▶ [Description of the task]
Out of the material that follows, write out exactly the lines from the line with "Fix My Curls" to the line with "Modèle homme rond", both ends included, and no others.

▶ [Records for this exercise]
^^^^
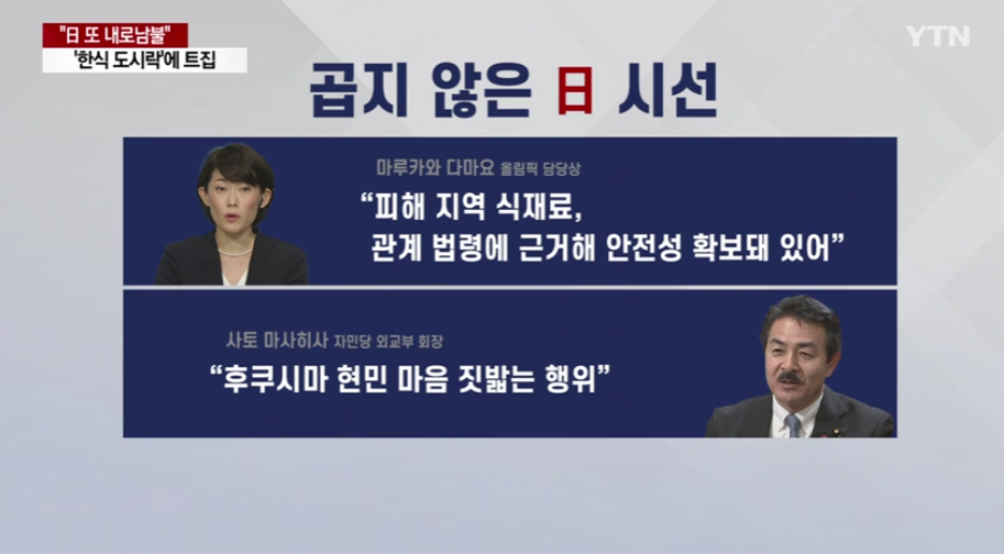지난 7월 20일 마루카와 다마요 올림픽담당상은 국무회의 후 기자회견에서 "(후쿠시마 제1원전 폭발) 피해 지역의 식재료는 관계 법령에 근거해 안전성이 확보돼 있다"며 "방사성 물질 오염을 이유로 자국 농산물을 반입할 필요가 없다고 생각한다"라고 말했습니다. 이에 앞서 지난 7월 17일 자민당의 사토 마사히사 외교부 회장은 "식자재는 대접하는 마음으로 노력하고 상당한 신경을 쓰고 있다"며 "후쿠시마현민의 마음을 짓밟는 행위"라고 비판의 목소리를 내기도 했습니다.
^^^^
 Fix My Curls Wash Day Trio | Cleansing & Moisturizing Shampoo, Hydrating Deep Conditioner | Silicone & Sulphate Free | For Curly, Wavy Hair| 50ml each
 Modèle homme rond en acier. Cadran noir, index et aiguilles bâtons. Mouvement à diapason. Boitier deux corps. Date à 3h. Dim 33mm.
^^^^
▶ [Task result]
 Fix My Curls Wash Day Trio | Cleansing & Moisturizing Shampoo, Hydrating Deep Conditioner | Silicone & Sulphate Free | For Curly, Wavy Hair| 50ml each
 Modèle homme rond en acier. Cadran noir, index et aiguilles bâtons. Mouvement à diapason. Boitier deux corps. Date à 3h. Dim 33mm.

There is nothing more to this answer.